While a caption at the top of the show makes clear that “some scenes, characters and text messages have been dramatised” in Power, it’s a largely by-the-book affair, one informed by court evidence and extensive interviews with the Sun journalists who first reported the story, as well as the then teenager to whom he paid £35,000 in exchange for sexual images and videos. Here, the teenager is named Ryan (played with skittish naivety by Osian Morgan), who connects with Edwards at the prompting of another teenager he meets on a dating site. That teenager is Alex Williams (played by Joseph Loane), who was already exchanging pornographic material with Edwards over WhatsApp – Williams was later handed a 12-month suspended sentence for possessing and distributing images of child sex abuse, including to Edwards.
Power depicts Edwards as a prickly and aggressive benefactor to a confused teenager, sending him gifts and buying him hotel stays. Edwards’s emotions can turn on a dime.

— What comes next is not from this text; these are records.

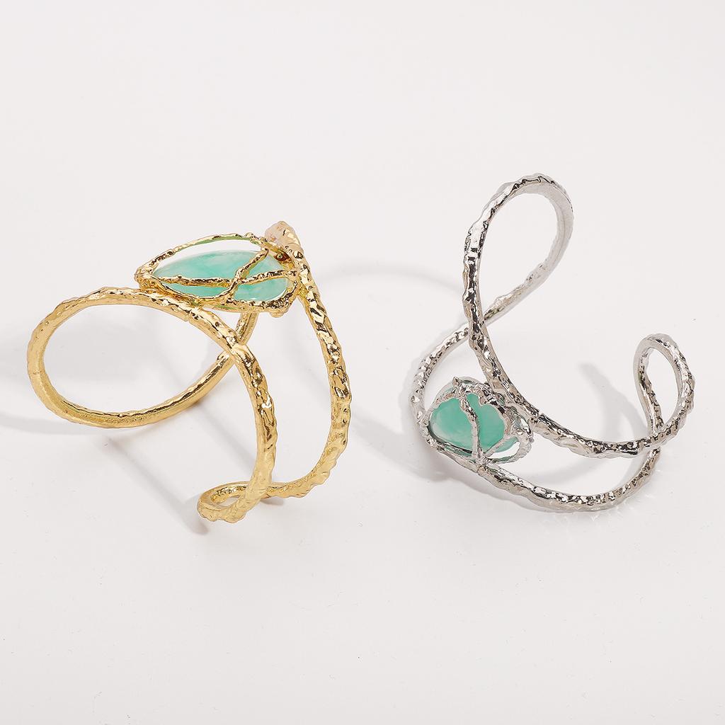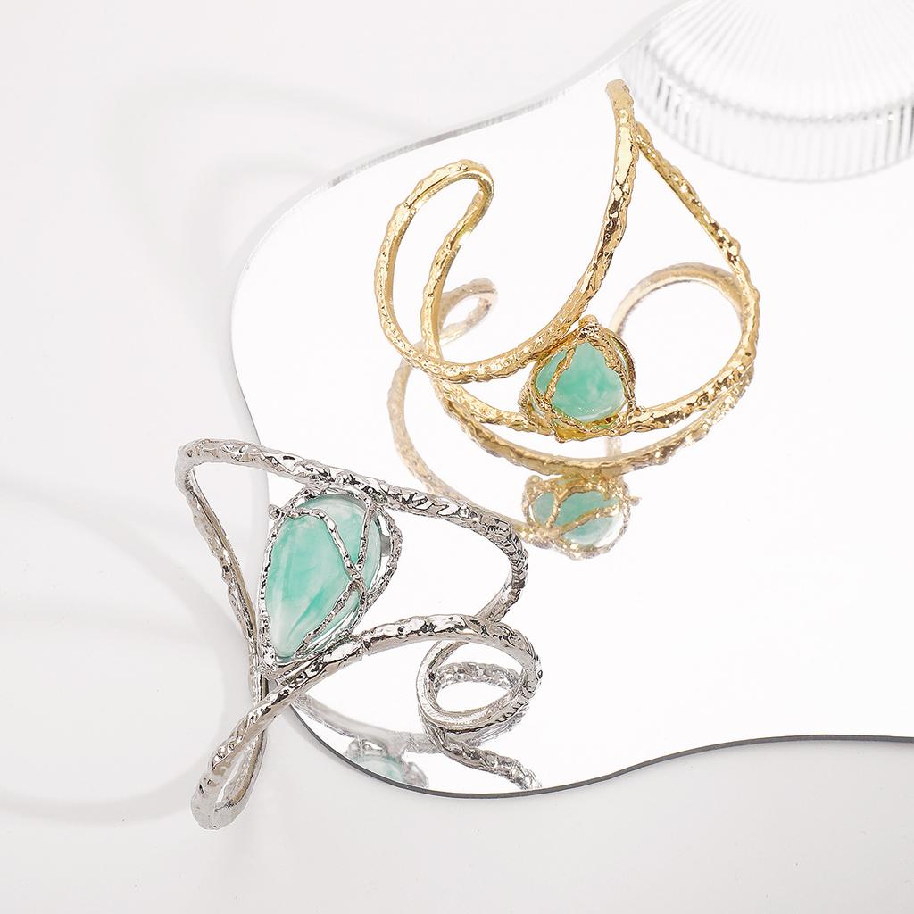 Модный браслет-манжета с узором из текстуры лавы, нестандартное отверстие, золотой цвет, синие каменные браслеты для женщин, ювелирные изделия, модный подарок
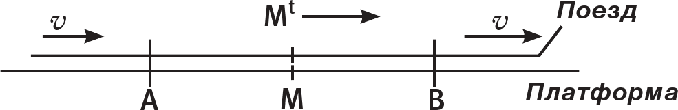Предположим, в определенный момент (с точки зрения наблюдателя, стоящего на платформе), когда молния ударяет в точки А и В, пассажир находится в середине поезда в точке Mt, которая находится как раз напротив места, где стоял наблюдатель на платформе, то есть в точке М. Если поезд покоится относительно платформы, пассажир внутри поезда увидит удары молнии одновременно, точно так же как и наблюдатель на платформе.
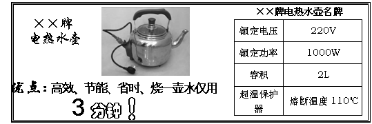 30、暑假里的一天,李红去商店购买电热水壶,售货员给他了一份推销××牌电热水壶的宣传广告,其内容如下:
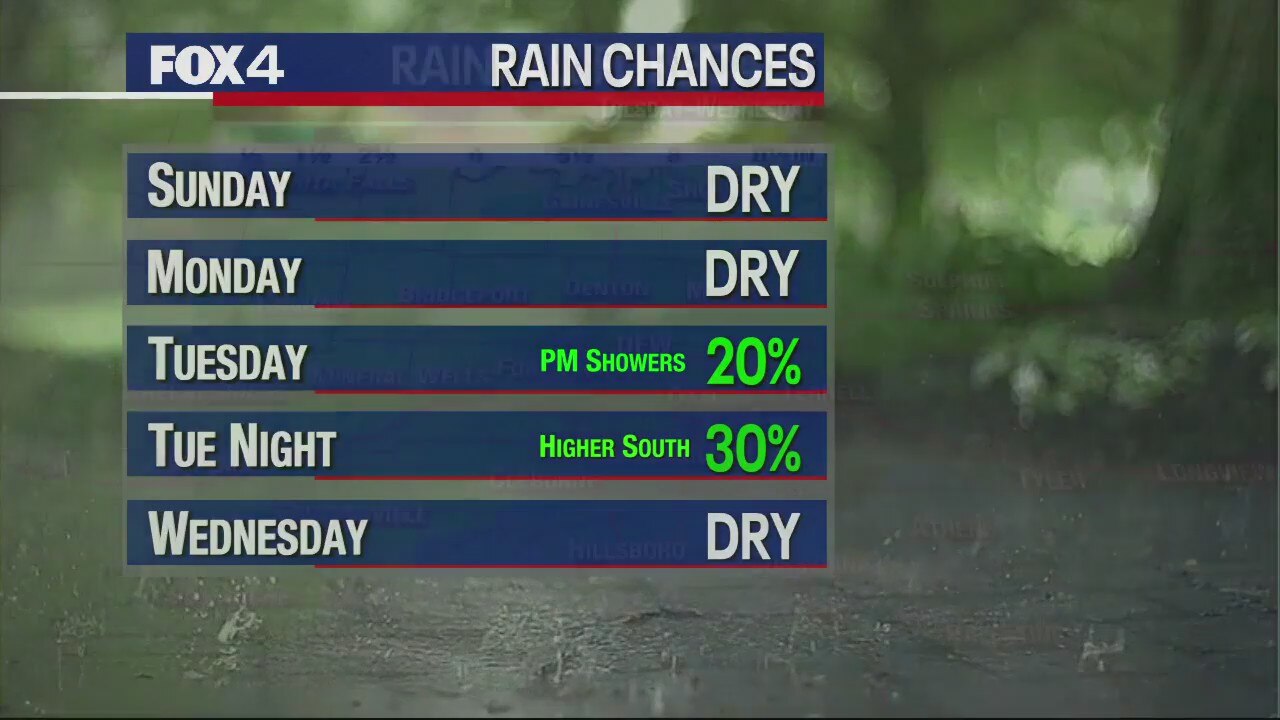 It will be dry for fireworks on New Year's Eve, before rain chances come into the forecast on Tuesday.
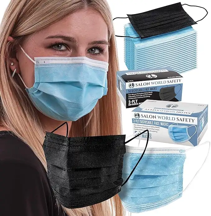 TCP Global Salon World Safety - Black and Blue Colored Face Masks Variety Pack (50ea Color = 100 Masks) Breathable Disposable 3-Ply Protective PPE with Nose Clip and Ear Loops — Price History & Tracker | DeserTracker
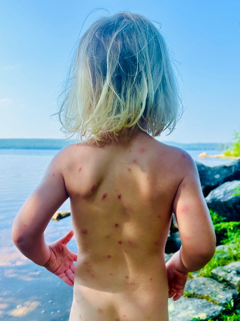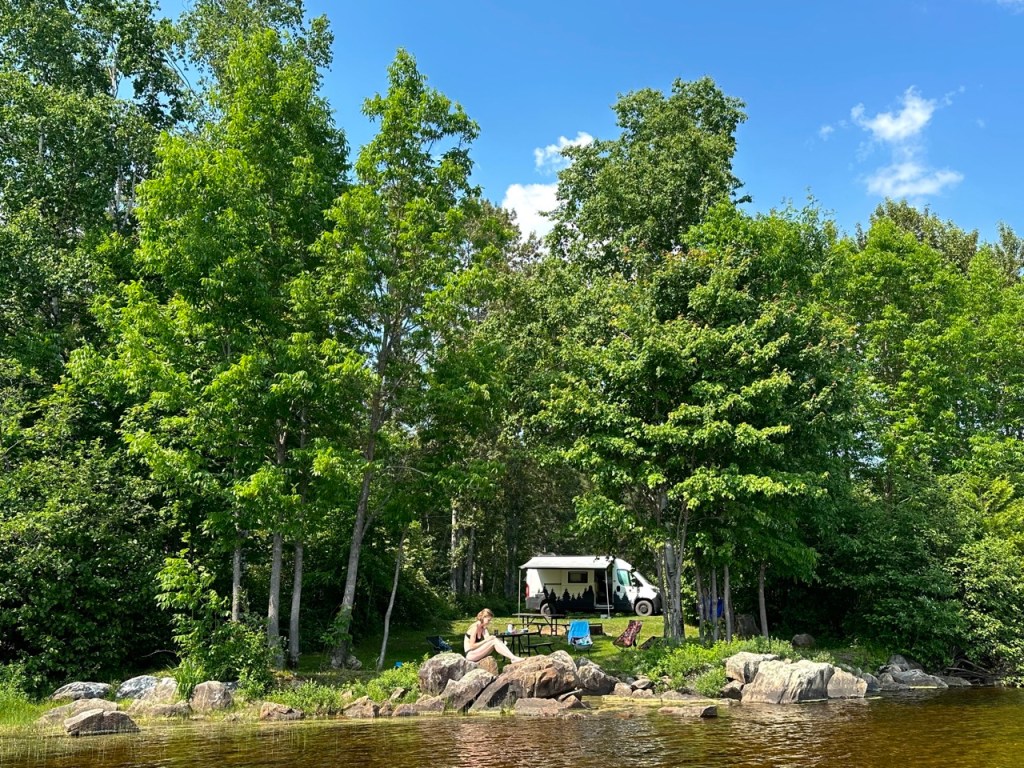 V Algonquinu jsme takto strávili tři líné dny v malém kempu přímo u jezera a bylo to poprvé od té doby co jsme vyjeli, kdy jsme na jednom místě strávili víc než jednu noc. Byla to popravdě úleva, neb jsme za sebou měli již celkem dost kilometrů a taková malá dovolená se nám všem i našim otlačeným zadkům moc zamlouvala. O trochu méně se nám zamlouvalo to, že celá oblast je nejen populárním místem pro odpočinek, ale také snad největší kanadskou líhní krvelačných komárů, kterým byly nám dostupné repelenty jen pro smích. V celém Ontáriu byl také zákaz rozdělávání ohňů (to je zde přes léto skoro všude), takže jsme je nemohli ani vykouřit, ani vyslat kouřovými signály žádost o pomoc.

He chastises Ryan’s grammar, throws a strop when asked about his relationship to his sexuality, and is quick to weaponise his fame and status whenever he feels cornered: “Earn your keep and know your f***ing place,” he shouts down the phone. Reporters at The Sun are included to relay drab exposition and the legal ins and outs of investigative journalism (it’s very “Spotlight for Dummies”), while Williams is nothing if not a horror movie-style paedophile, sitting alone at his computer screen and cast in moody shadow, transferring photos to Edwards while dramatic music plays.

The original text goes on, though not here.